— WORK REQUEST —
Since the listing below shows pictures, leave them out and write out exactly the lines from the line with "- Sala 02 ambientes" to the line with "This coin features", both included, and no others.
━━━ EXTRACTED ENTRIES ━━━
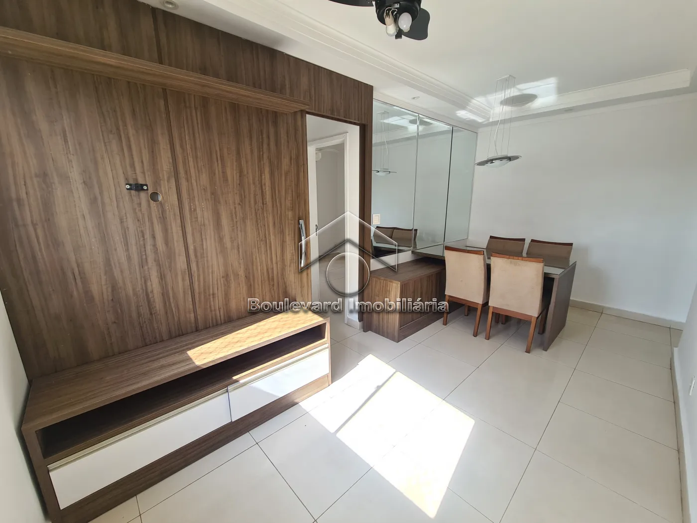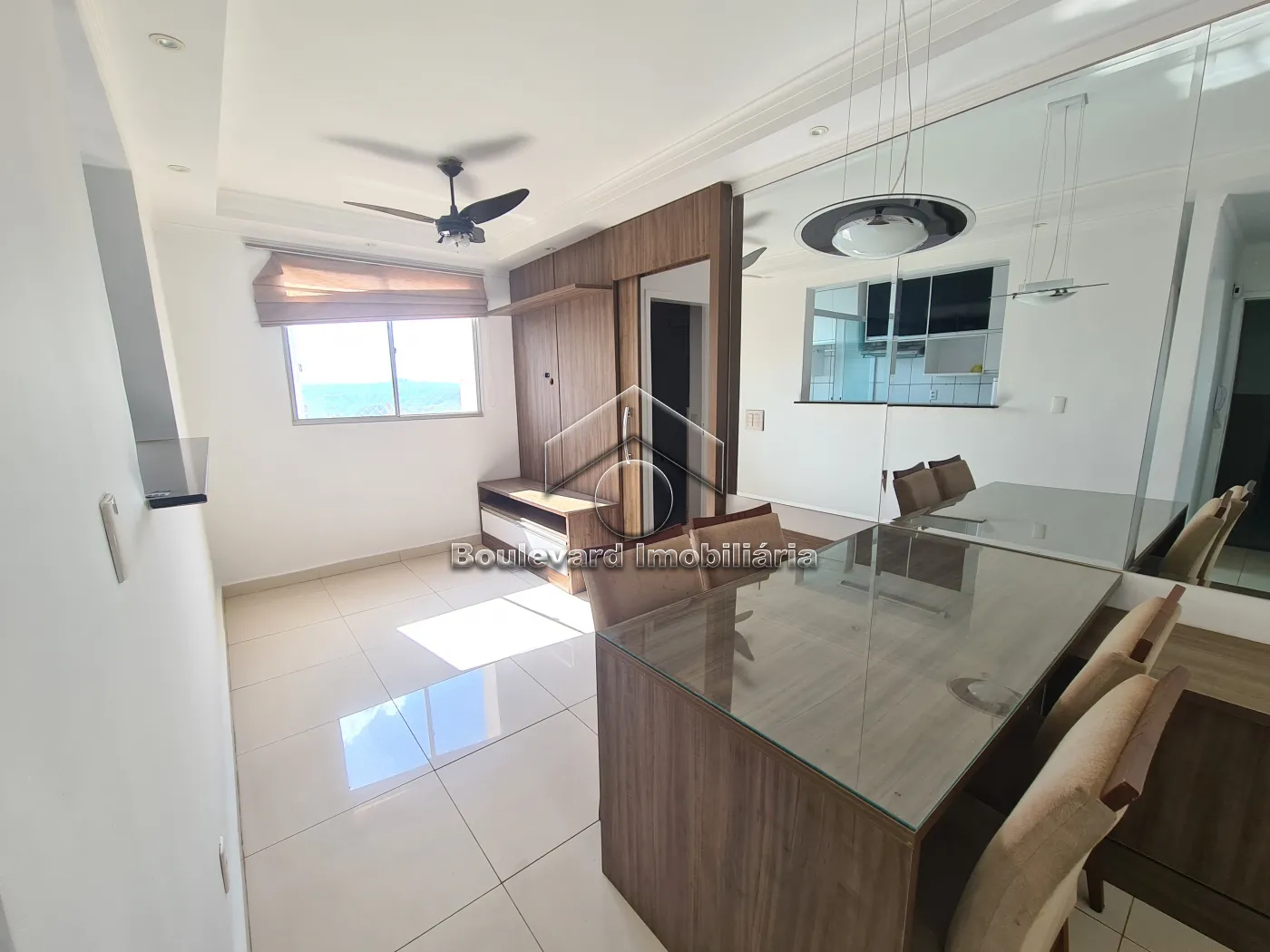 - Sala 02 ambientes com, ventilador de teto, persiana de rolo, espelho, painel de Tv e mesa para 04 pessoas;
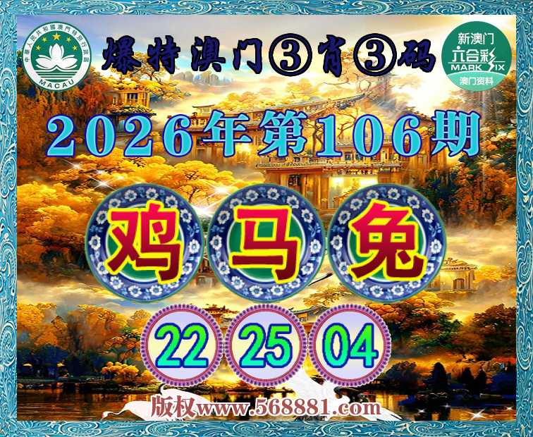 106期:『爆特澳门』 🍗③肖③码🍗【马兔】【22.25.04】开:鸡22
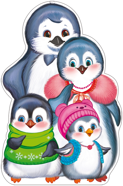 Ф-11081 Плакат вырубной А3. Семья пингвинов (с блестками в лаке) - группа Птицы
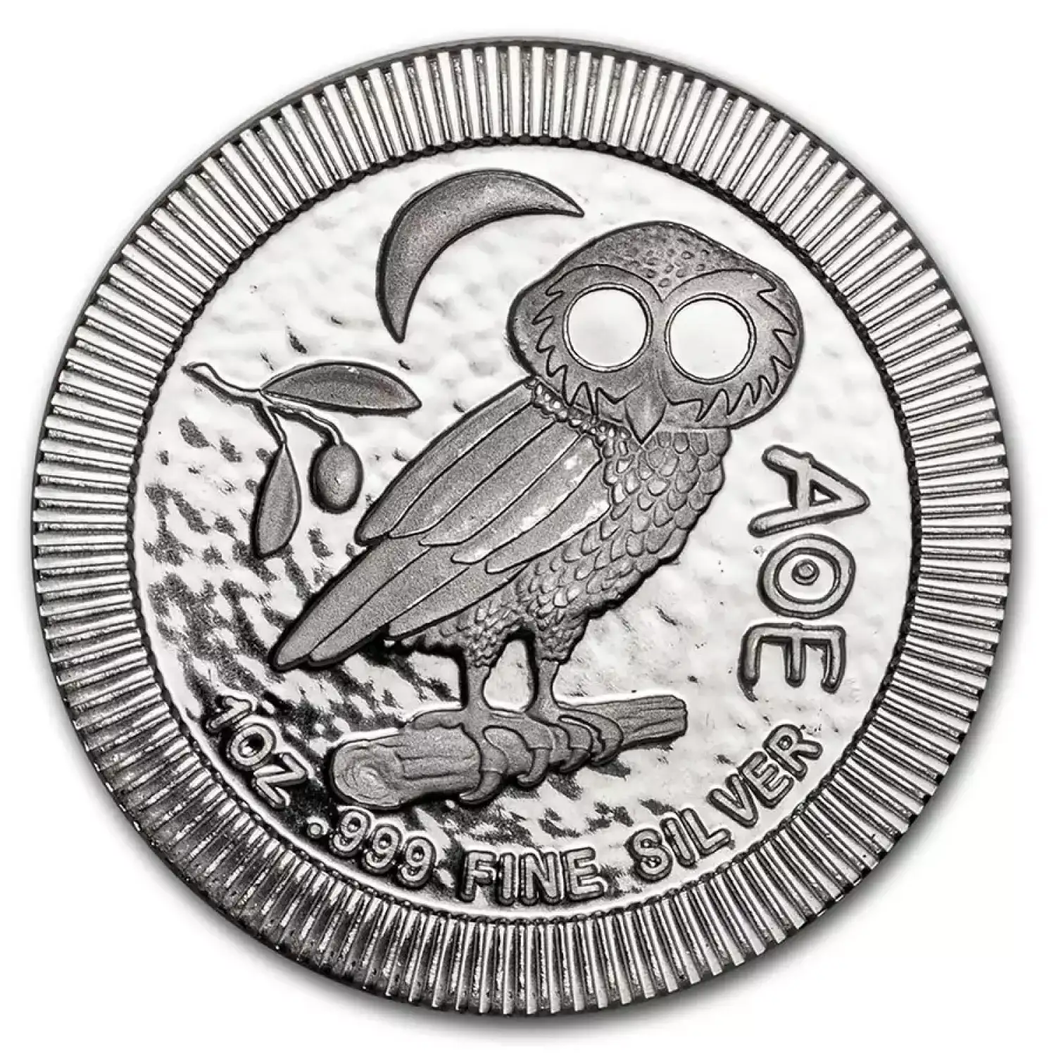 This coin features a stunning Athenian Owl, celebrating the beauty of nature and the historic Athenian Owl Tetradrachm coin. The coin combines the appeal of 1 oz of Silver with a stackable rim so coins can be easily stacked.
━━━
━━━ EXTRACTED ENTRIES ━━━
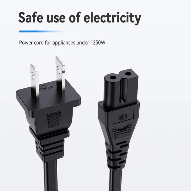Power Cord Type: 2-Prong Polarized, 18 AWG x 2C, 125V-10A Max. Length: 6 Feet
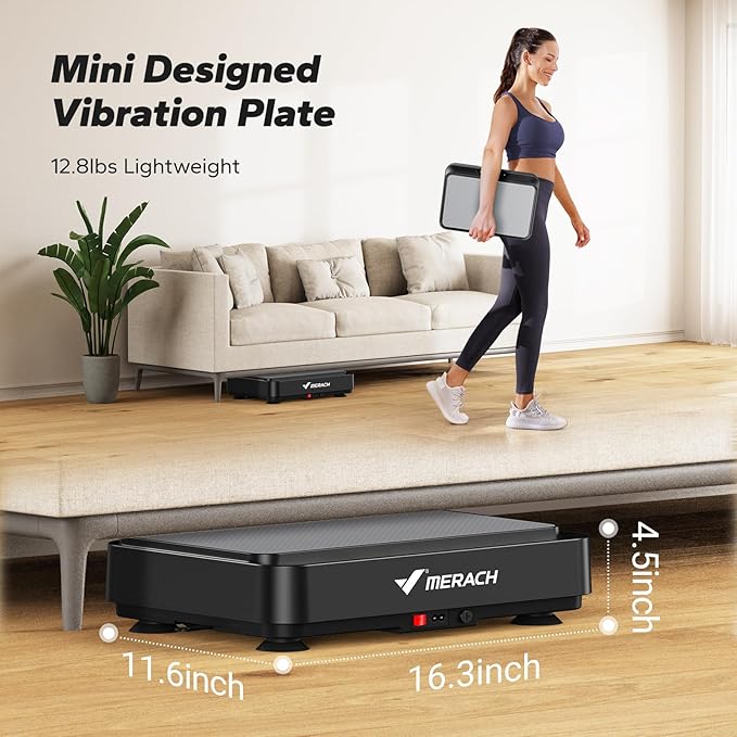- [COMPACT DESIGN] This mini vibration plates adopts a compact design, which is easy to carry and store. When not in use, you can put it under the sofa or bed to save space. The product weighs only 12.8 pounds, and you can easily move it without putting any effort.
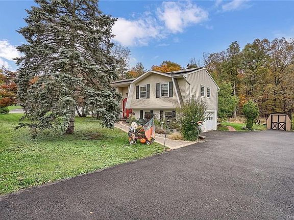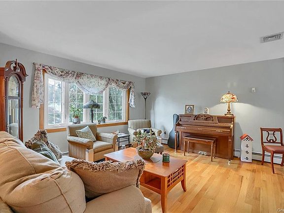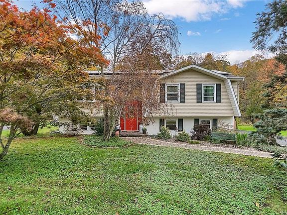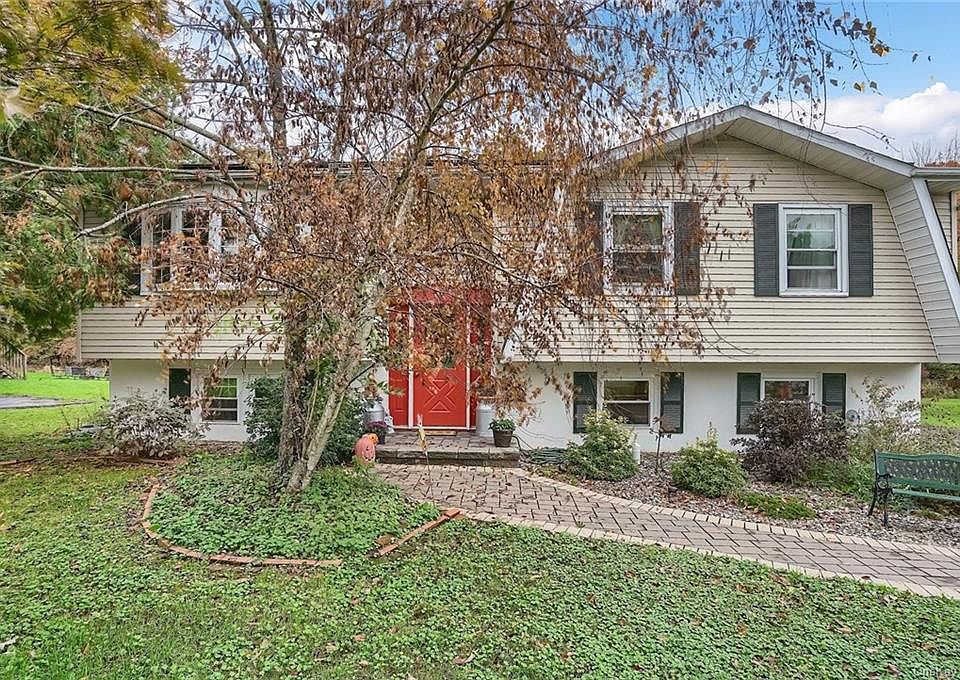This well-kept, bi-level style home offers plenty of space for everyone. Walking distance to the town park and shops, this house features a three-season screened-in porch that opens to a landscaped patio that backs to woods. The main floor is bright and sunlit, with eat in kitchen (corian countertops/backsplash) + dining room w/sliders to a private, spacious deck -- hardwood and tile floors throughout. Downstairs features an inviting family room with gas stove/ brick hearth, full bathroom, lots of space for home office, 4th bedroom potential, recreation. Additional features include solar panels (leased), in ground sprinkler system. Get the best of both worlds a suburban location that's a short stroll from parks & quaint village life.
━━━
━━━ EXTRACTED ENTRIES ━━━
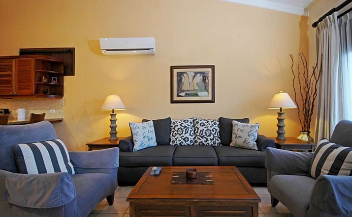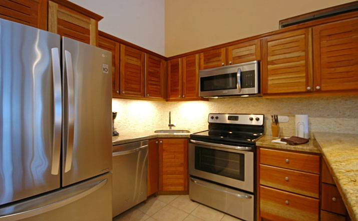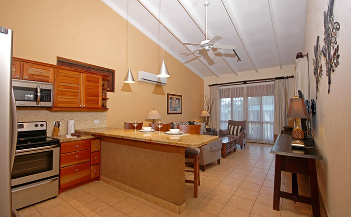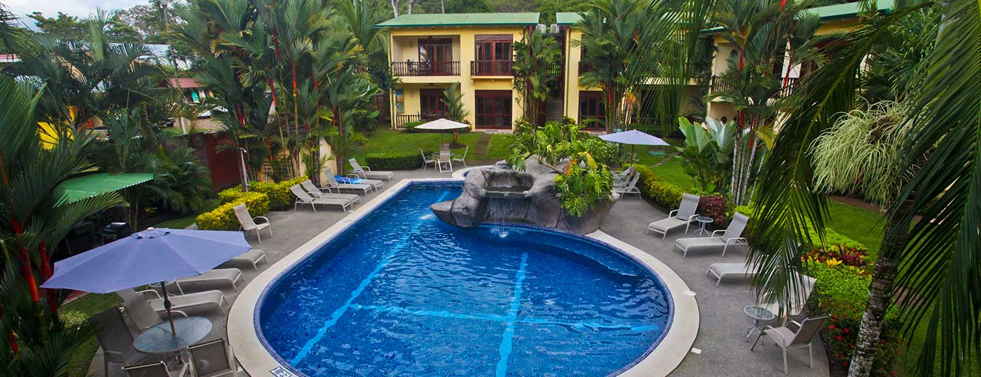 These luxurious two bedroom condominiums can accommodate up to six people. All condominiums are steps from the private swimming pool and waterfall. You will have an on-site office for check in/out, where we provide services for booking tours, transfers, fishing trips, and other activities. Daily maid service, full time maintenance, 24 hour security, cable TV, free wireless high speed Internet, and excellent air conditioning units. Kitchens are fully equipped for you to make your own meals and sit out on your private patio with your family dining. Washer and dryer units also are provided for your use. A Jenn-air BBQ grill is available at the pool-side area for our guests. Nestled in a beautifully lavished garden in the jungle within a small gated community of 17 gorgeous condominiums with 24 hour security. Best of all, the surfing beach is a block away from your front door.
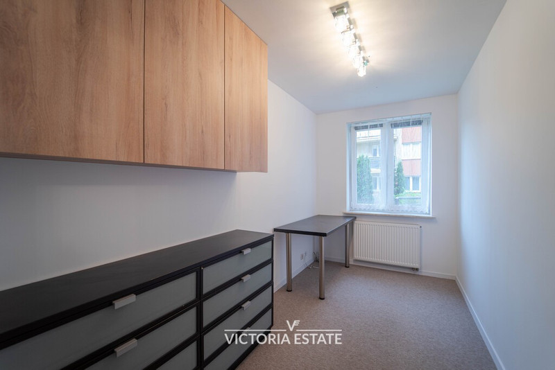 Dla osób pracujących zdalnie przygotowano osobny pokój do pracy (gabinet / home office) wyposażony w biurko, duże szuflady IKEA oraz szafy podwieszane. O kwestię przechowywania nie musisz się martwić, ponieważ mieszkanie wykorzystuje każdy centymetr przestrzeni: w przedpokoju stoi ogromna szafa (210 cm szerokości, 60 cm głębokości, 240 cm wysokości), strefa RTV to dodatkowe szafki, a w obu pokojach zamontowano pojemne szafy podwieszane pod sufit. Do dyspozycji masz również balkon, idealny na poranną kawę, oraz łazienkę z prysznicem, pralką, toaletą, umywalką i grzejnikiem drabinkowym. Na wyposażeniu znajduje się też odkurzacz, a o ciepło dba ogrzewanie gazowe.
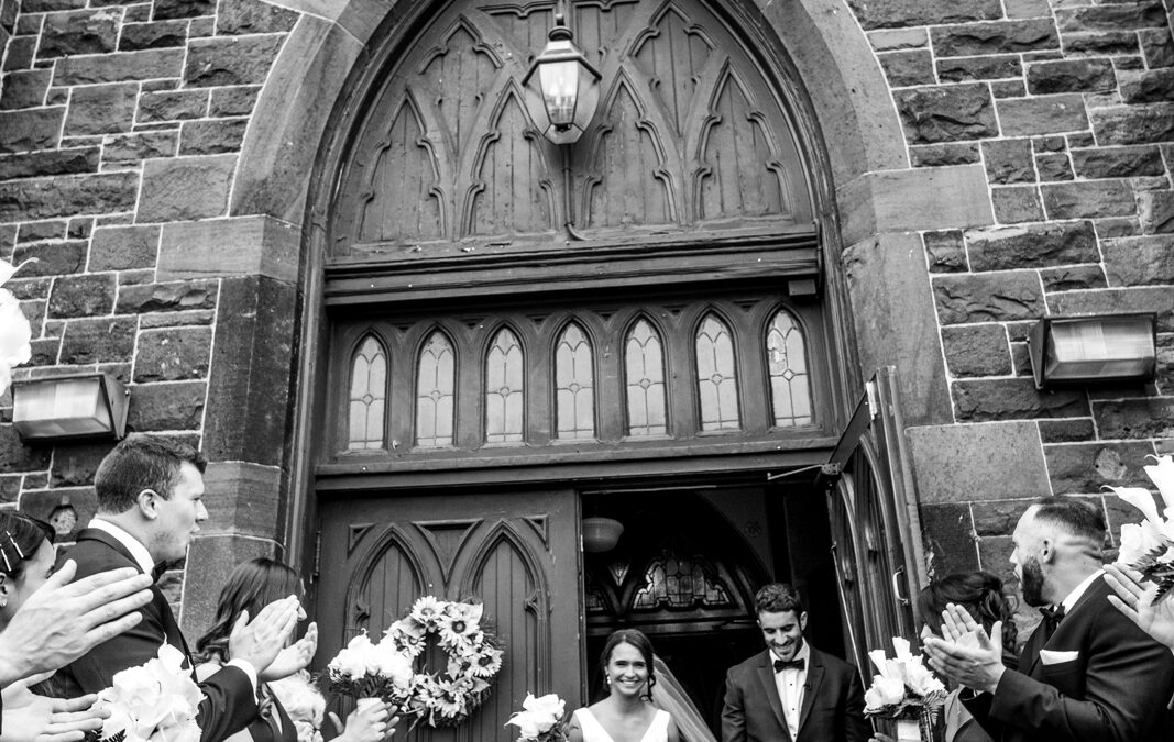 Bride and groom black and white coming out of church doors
━━━
— WORKED SOLUTION —
 - Sala 02 ambientes com, ventilador de teto, persiana de rolo, espelho, painel de Tv e mesa para 04 pessoas;
 106期:『爆特澳门』 🍗③肖③码🍗【马兔】【22.25.04】开:鸡22
 Ф-11081 Плакат вырубной А3. Семья пингвинов (с блестками в лаке) - группа Птицы
 This coin features a stunning Athenian Owl, celebrating the beauty of nature and the historic Athenian Owl Tetradrachm coin. The coin combines the appeal of 1 oz of Silver with a stackable rim so coins can be easily stacked.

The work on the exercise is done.